The Marine Accident Investigation Branch (MAIB) is leading an investigation with assistance from the U.S. National Transportation Safety Board and Portuguese Marine Safety Investigation Authority, part of which will involve recovery of the vessels' voyage data recorders. The investigation's early findings reported that Solong was travelling a route it regularly took.

On 3 April 2025 the MAIB released an interim report, with new images of the incident. The report said "Neither Solong nor Stena Immaculate had a dedicated lookout on the bridge." The MAIB said its full investigation would examine "navigation and watchkeeping practices, manning and fatigue management, the condition and maintenance of the vessels involved and the environmental conditions at the time of crash."

=== Legal ===
After the Coastguard called off the search for the missing crewmember on 11 March, Humberside Police opened a criminal investigation and arrested Solongs 59-year-old Russian captain on suspicion of gross negligence manslaughter. On 14 March he was charged with the offence and was remanded in police custody to appear at Hull Magistrates Court the following day. On 15 March no application for bail was made and the captain was remanded in custody. No pleas were entered and he appeared on 14 April at the Old Bailey to confirm his identity, and on 30 May, he pleaded not guilty before the court via video link from prison. A trial date was set for 12 January 2026. On 2 February 2026, following a trial at the Old Bailey, he was found guilty of gross negligence manslaughter. On 5 February 2026, Mr Justice Andrew Baker sentenced him to six years imprisonment.

== Impact ==
The coastguard reported that "the incident remains ongoing and an assessment of the likely counter pollution response required is being enacted", while Greenpeace UK stated it was too early to calculate the environmental damage. Aviation fuel had begun to leak, raising fears for local bird and aquatic life. While it is less viscous than crude, so should not clog birds' feathers, it is poisonous. The heavy fuel powering both ships, however, is thick enough to smother birds, although in the aftermath of the crash it was unknown if this, as well as the aviation fuel, had leaked.

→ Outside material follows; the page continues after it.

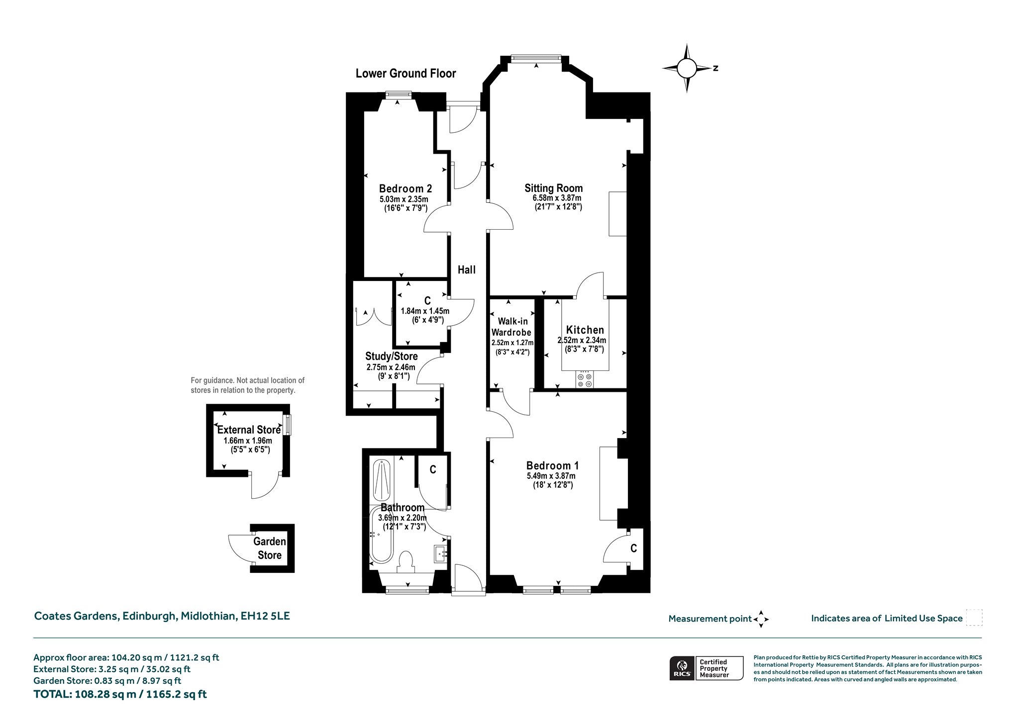 Entrance Vestibule, Hall, Sitting Room/Dining Room, Kitchen, Principal Bedroom with walk-in Wardrobe, Bedroom Two, Bathroom, Study Space, Hall Storage Cupboard

Animals likely to be affected included puffins, razorbills, gannets and kittiwakes. Due to the approach of nesting season, birds were gathering off shore as well as on local mudflats and other protected areas such as Holderness conservation zone. Also thought to be at risk were grey seals, porpoises, various species of cetaceans, ocean quahogs, oysters, seagrass and commercial fish stocks. The MAIB organised a unit to begin an assessment, comprising specialist pollution experts, international firefighters, marine chemists, and hazardous materials experts. Dutch salvage company Boskalis was awarded the contract to salvage Stena Immaculate, and sent a specialist gas engineer, to measure the extent to which harmful substances were released.

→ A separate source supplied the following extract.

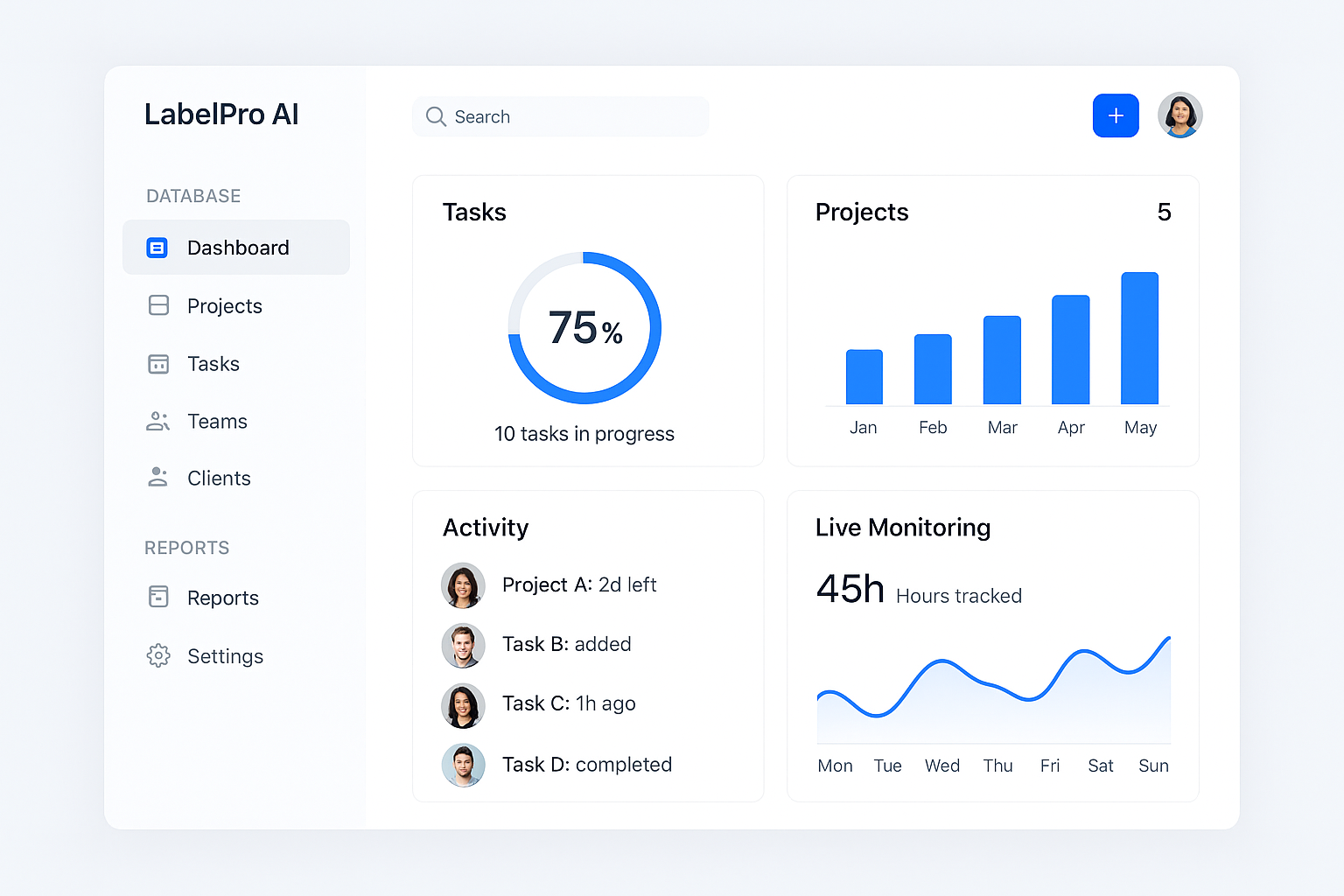Yes. LabelPro AI includes live monitoring features, allowing clients to track task progress, hours worked, and team activity in real-time.

The cost of the damage was estimated at around tens of millions of pounds. While it was Solong which had hit Stena Immaculate, environmental lawyers noted that it was the latter's owners who were strictly liable for the contents of its cargo, and any damage caused by it, while both ships' owners would be liable for damage caused by any fuel leaks, although under the Merchant Shipping Act 1995 the British government is likely to underwrite the immediate costs of clean up and rescue. (Note: Possibly attempting to recover these costs from the vessels' owners and insurers later on.) Other affected parties, such as fishermen, local government and tourist operators could also claim.

On 17 March it was reported that "nurdles", small pieces of plastic resin used in plastics manufacturing, had begun to be washed ashore. The Maritime and Coastguard Agency (MCA) reported that they had been initially alerted to the hazard, just off the Wash, by the RNLI, on 16 March.